Posted April 12, 2017 19:05:17

While tapping into superannuation might be the boost needed for aspiring Sydney home owners, some young people are not jumping on the idea.

The proposal to let young people use their super to buy a home has attracted mixed reactions from politicians — which is also being mirrored by a divided public.

In Sydney, where the median house price is over $1 million, buyers agent Briony Carnohan has clients across a range of demographics.

She said the first home buyers she deals with feel like they are missing out "over and over again".

"We're actually seeing a lot of people getting help from their parents," she said.

"It's the main thing because otherwise you've got to save and pay rent at the same time and they're finding that really difficult."

Ms Carnohan, 29, is also looking to buy her first property.

She said she would consider tapping into her super if it was available, but would not recommend it for everyone.

"I think it sounds good in theory but later down the track it might cause problems for when people actually need that for when they're not working," Ms Carnohan said.

"I would consider it only because I have a pretty good knowledge of the market and I know what's good to invest in.

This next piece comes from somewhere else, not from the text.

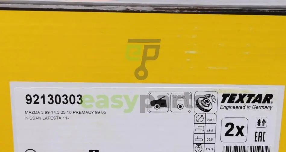 - 92130303 TEXTAR (Текстар) подходит к таким маркам/моделям авто:

"The last thing you'd want is somebody to buy a bad investment and then lose money down the track and … they've taken that from their super and they don't have that."

'Who is even buying these houses?'

Brand manager Anmol Sekhon, 29, said both he and his wife earn reasonable money but could not see themselves affording a home in Sydney.

"We don't have any family that can help us or parents or inheritance … I don't know how we'd even buy a house," he said.

"I don't know who it is buying these houses. We're thinking about having kids one day and I guess, for my wife, it's probably a prerequisite to have our own home.

"Realistically I don't think a home is going to happen — maybe an apartment will, but the quality of the apartments are not good quality either."

Mr Sekhon is against the idea of letting young people tap into their super.

He cautioned that it would only sustain Sydney's extreme property prices.

"It's not dealing with the issue, why are we helping people who already own a home to give them a tax benefit instead of the person that doesn't own a home at all?

"It's not going to make the world more affordable, it's going to make it less affordable."

'It's shooting yourself in the foot'

Caitlin Williams, 27, said there was "no chance" of her being able to afford a home within an hour of where she currently lives at Hornsby on Sydney's north shore.

Ms Williams lives at home while she studies full time and works part time.

She said tapping into super to buy a home is a terrible long-term decision.

"That's my nest egg, so when I'm at a point where I can't work anymore that money is going to be what ties me into at least when I'll be having to go into age care," she said.

"On top of that this is one of the better investment options so even though you could buy a house the property market's likely to crash relatively soon.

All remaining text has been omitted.